(Task data begins)

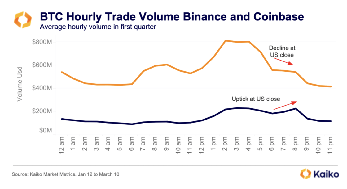카이코(Kaiko)의 조사 결과, 비트코인 기준 가격 선정에 참고되는 암호화폐 거래소들의 거래량이 증가한 것으로 나타났습니다. 특히 미국 비트코인 현물 ETF 승인 이후, 미국 시장 마감 무렵의 거래량 증가가 두드러졌습니다. 뉴욕 시간 오후 3시에서 4시(미국 시장 마감) 사이에 거래가 많아지는 이유는 ETF의 가치를 계산하는 것과 관련이 깊습니다.
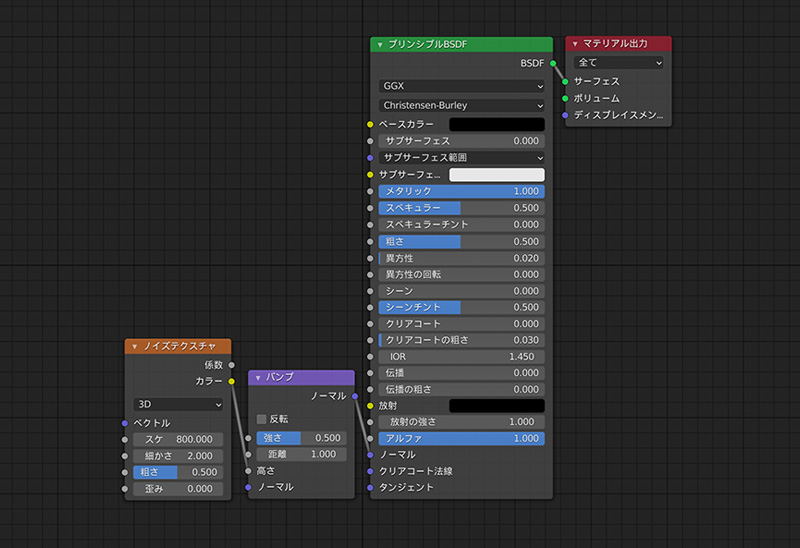 フライパンのマテリアルを設定します。メタリックを1.0にして、ノイズテクスチャで細かい凹凸を表現します。マテリアルの設定方法は「Blender2.8でマテリアルを設定」を参考にしてください。
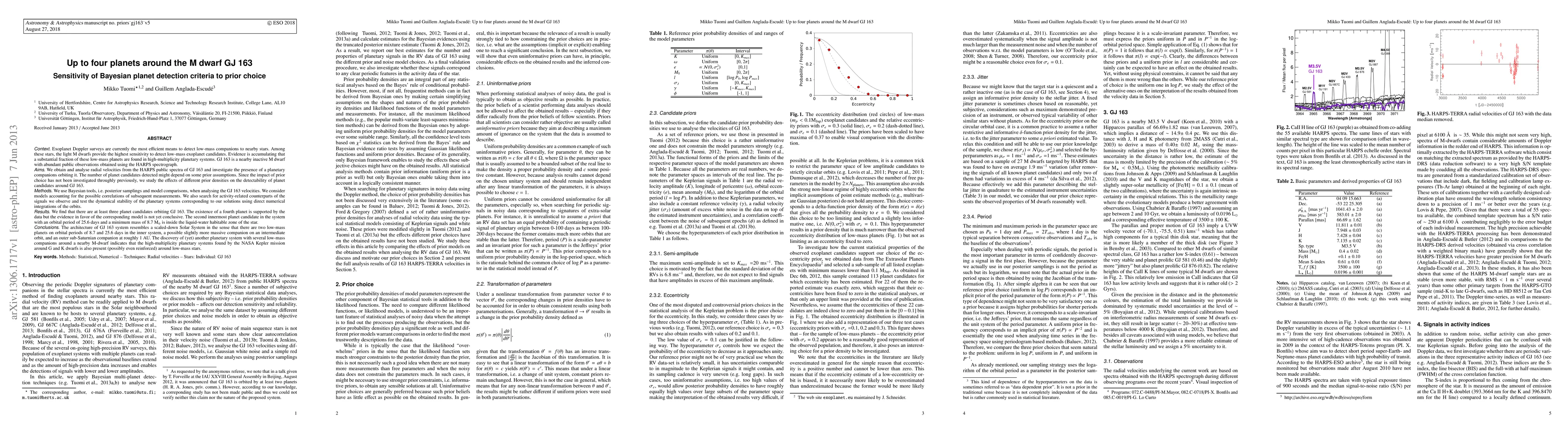 Exoplanet Doppler surveys are currently the most efficient means to detect low-mass companions to nearby stars. Among these stars, the light M dwarfs provide the highest sensitivity to detect low-mass exoplanet candidates. Evidence is accumulating that a substantial fraction of these low-mass planets are found in high-multiplicity planetary systems. GJ 163 is a nearby inactive M dwarf with abundant public observations obtained using the HARPS spectrograph. We obtain and analyse radial velocities from the HARPS public spectra of GJ 163 and investigate the presence of a planetary companions orbiting it. The number of planet candidates detected might depend on some prior assumptions. Since the impact of prior choice has not been investigated throughly previously, we study the effects of different prior densities on the detectability of planet candidates around GJ 163. We use Bayesian tools, i.e. posterior samplings and model comparisons, when analysing the GJ 163 velocities. We consider models accounting for the possible correlations of subsequent measurements. We also search for activity-related counterparts of the signals we observe and test the dynamical stability of the planetary systems corresponding to our solutions using direct numerical integrations of the orbits. We find that there are at least three planet candidates orbiting GJ 163. The existence of a fourth planet is supported by the data but the evidence in favor of the corresponding model is not yet conclusive. The second innermost planet candidate in the system with an orbital period of 25.6 days and a minimum mass of 8.7 Me is inside the liquid-water habitable zone of the star.
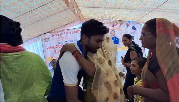 पेरिस ओलंपिक 2024 में हॉकी में कांस्य मेडल जीतकर अपने घर करमपुर (गाजीपुर) लौटे भारतीय हॉकी टीम के खिलाड़ी राजकुमार पाल का जिले में जोरदार स्वागत हुआ। करमपुर स्टेडियम पहुंचते ही उन्होंने अपनी मां मनराजी देवी का पैर छूकर आशीर्वाद लिया। इसके बाद मेडल मां के गले में पहना दिया। गले मिलकर मां-बेटे दोनों भावुक हो गए। फिर मां के साथ फोटो सेशन कराया।
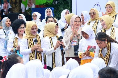 Untuk menambah meriah suasana, Ibu Iriana Joko Widodo membagikan doorprize berupa sepeda kepada peserta yang berhasil menjawab pertanyaan seputar bahaya narkoba dan peduli lingkungan.
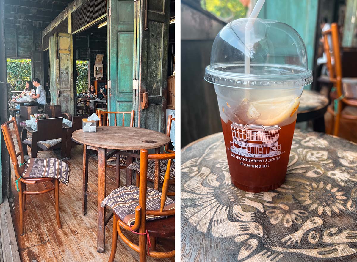 My Grandparent’s House ligt nergens dichtbij, maar ik wilde het koffiehuis toch graag zien. Ik stak daarom de rivier over, bezocht de naastgelegen Gong Wu Shrine en koelde daarna af bij My Grandparent’s House. Dit is een prachtig oud houten huis direct aan de rivier, ingericht met oude Thaise meubelen. Het is, zoals de naam al zegt, het huis van de grootouders van de eigenaren en is een fijne plek voor een koffie- of lunchstop.
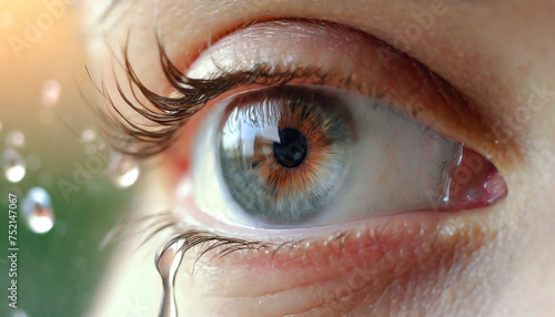 © bigfoot, Fototapeta premium 目から溢れる涙、クローズアップ,Generative AI AI画像
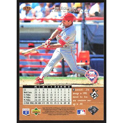 This is a 1996 Upper Deck Jim Eisenreich baseball card. The card is #171 and pictures show condition.
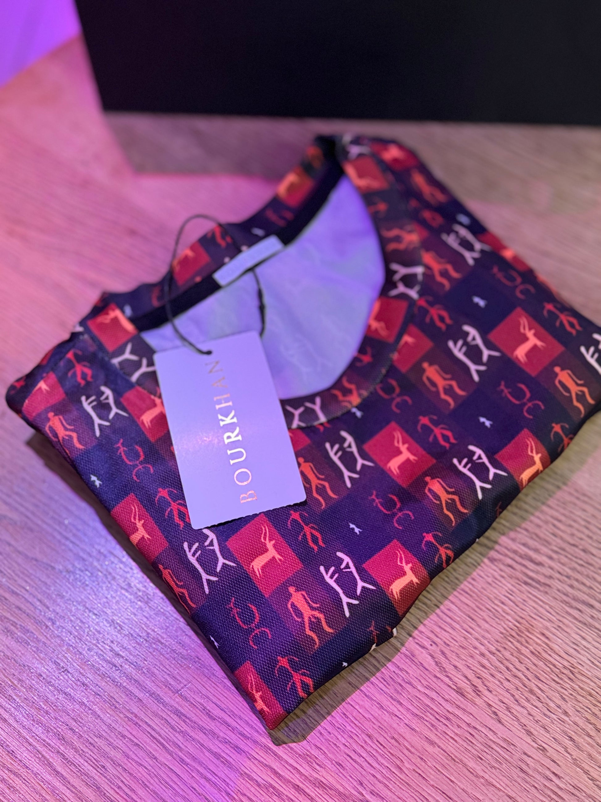 Enjoy the perfect blend of comfort and durability with the BOURKHAN Premium Polyester T-Shirt Made from high-quality polyester fabric this shirt offers a sleek fit and lasting wear Featuring exclusive petroglyph-inspired designs it brings artistic elegance to everyday style Ideal for those who value both performance and refined aesthetics Elevate your casual look with a modern statement piece

(Task data ends)

Task to complete:
Give again, please, precisely the lines that begin the records and run through the line with "フライパンのマテリアルを設定" in it, keeping both end lines and dropping any pictures.

Output:
카이코(Kaiko)의 조사 결과, 비트코인 기준 가격 선정에 참고되는 암호화폐 거래소들의 거래량이 증가한 것으로 나타났습니다. 특히 미국 비트코인 현물 ETF 승인 이후, 미국 시장 마감 무렵의 거래량 증가가 두드러졌습니다. 뉴욕 시간 오후 3시에서 4시(미국 시장 마감) 사이에 거래가 많아지는 이유는 ETF의 가치를 계산하는 것과 관련이 깊습니다.
 フライパンのマテリアルを設定します。メタリックを1.0にして、ノイズテクスチャで細かい凹凸を表現します。マテリアルの設定方法は「Blender2.8でマテリアルを設定」を参考にしてください。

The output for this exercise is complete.